The Details: What Ubisoft Said
During a July developer deep-dive, Ubisoft revealed their internal tool, Ghostwriter, is being used to help generate “barks”—short, reactive NPC lines like greetings, warnings, or reactions to player actions. Rather than writing each bark line from scratch, narrative designers can now input character context and let the AI provide variants, which the writer then edits or curates.
Ubisoft’s argument: it saves time and gives writers more bandwidth to focus on major plotlines and character arcs. But the optics are tricky, especially in an industry still reckoning with layoffs, unionization efforts, and increasing concern about AI’s impact on creative jobs.
The Backlash: “This Isn’t Innovation—It’s Erosion”
The reaction online has been divided. Some developers and fans see this as a smart evolution of tools—comparing it to using procedural generation for world-building or AI-assisted animation. But others view it as a dangerous precedent that could push out talented writers and dilute the emotional resonance of NPC interactions.
Award-winning game writer Sam Maggs tweeted, “Barks are how you worldbuild, how you inject personality into your setting. They’re not filler—they’re flavor. Replacing that with machine noise is not innovation. It’s erosion.”
Why This Matters
The Assassin’s Creed series has always walked a fine line between epic narrative and open-world repetition. With Shadows, set in feudal Japan and promising two protagonists with different paths and playstyles, expectations are sky-high. Players want depth. They want meaning. Will AI dialogue affect immersion?
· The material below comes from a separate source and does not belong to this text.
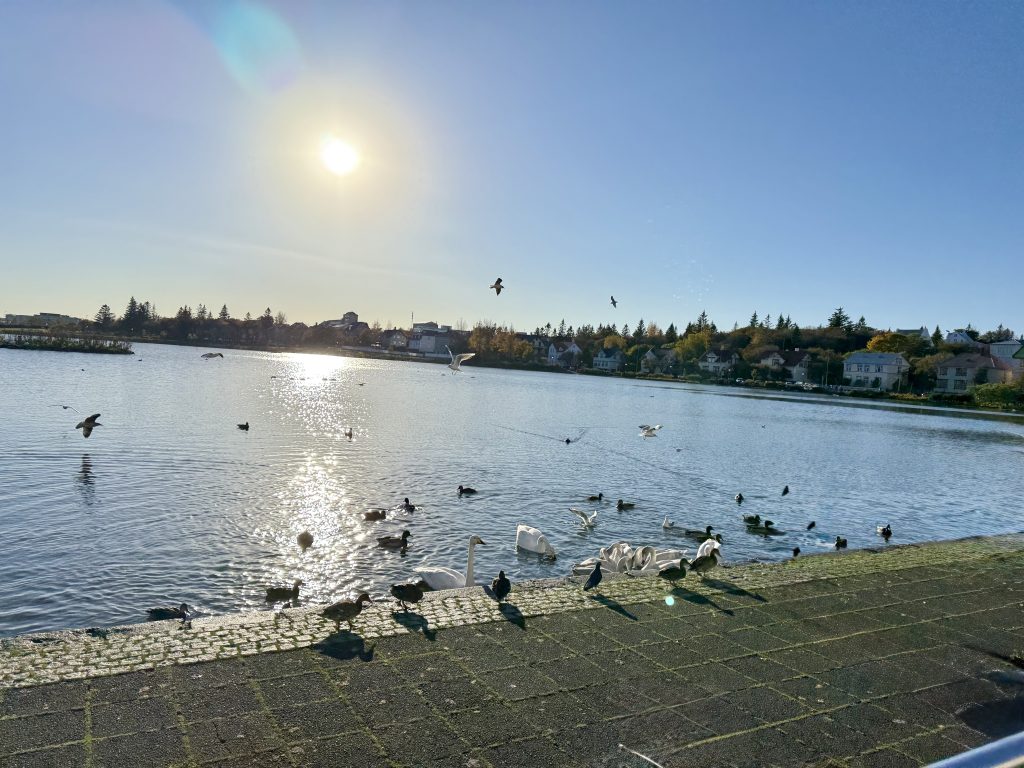 アイスランドの国会議事堂の近隣にあるチョルトニン湖では、白鳥やカモなど多様な水鳥が優雅に泳いでいました。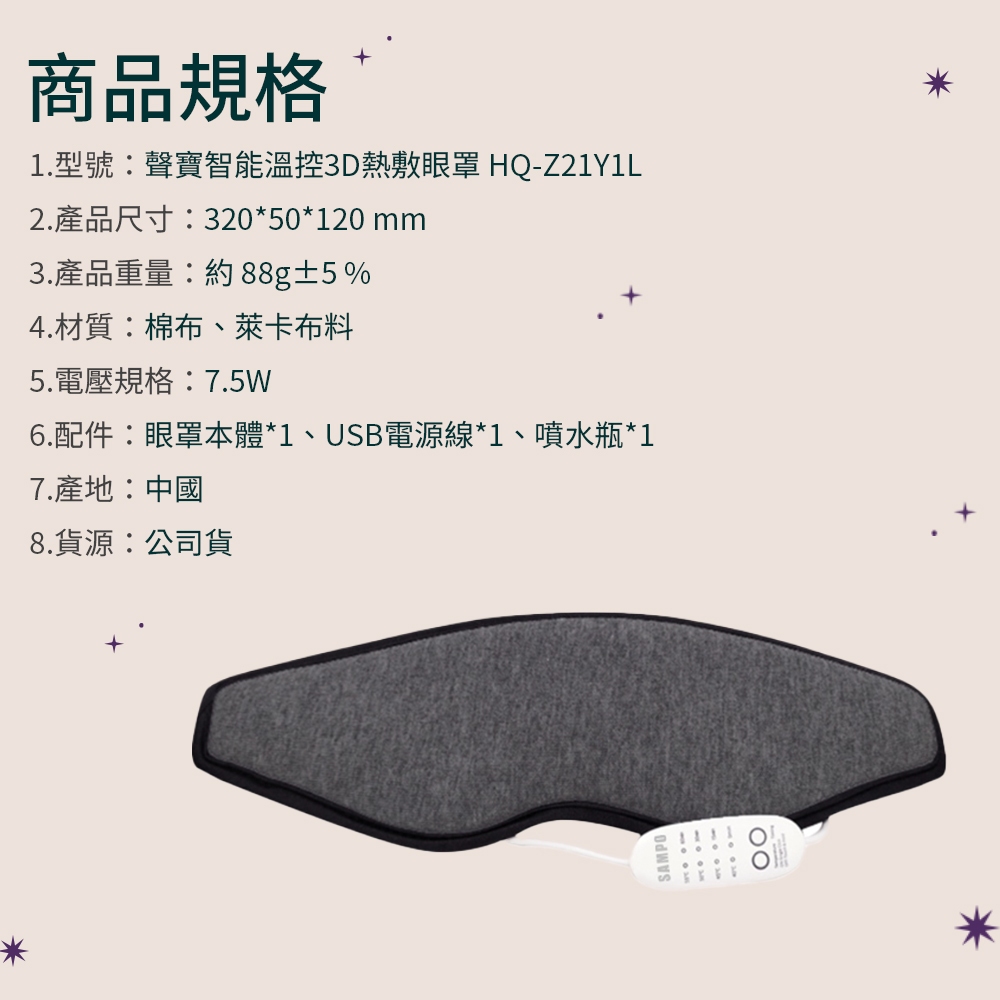 SAMPO 熱敷眼罩 溫控 3D 蒸氣眼罩 HQ-Z21Y1L 聲寶 遮光 紓壓 熱敷 眼罩SAMPO 熱敷眼罩 溫控 3D 蒸氣眼罩 HQ-Z21Y1L 聲寶 遮光 紓壓 熱敷 眼罩OthersDA量販店

At the heart of this debate is a larger question: What makes games memorable? Is it the realistic visuals, the combat mechanics—or the way a scared NPC stammers when you draw your sword in a quiet village?
We’ve seen this issue before in film, music, and journalism. Now, the creative soul of game development is under the microscope.
What Comes Next?
Ubisoft is unlikely to walk back their use of AI, but the blowback could influence how transparently other studios approach similar tools. Expect more companies to clarify where AI is being used, and for players—and creatives—to continue demanding accountability and authenticity.
Game writers’ unions have also begun to weigh in, calling for protections and clearer crediting systems to ensure human creativity isn’t erased by machine outputs.
Final Thoughts
Technology and creativity are always in tension. The best games come from teams that know how to use tools without sacrificing voice, vision, or human heart. Ubisoft may be trying to speed up production, but they’ll need to prove that Assassin’s Creed Shadows hasn’t lost its soul along the way.
Until then, gamers—and writers—will be watching.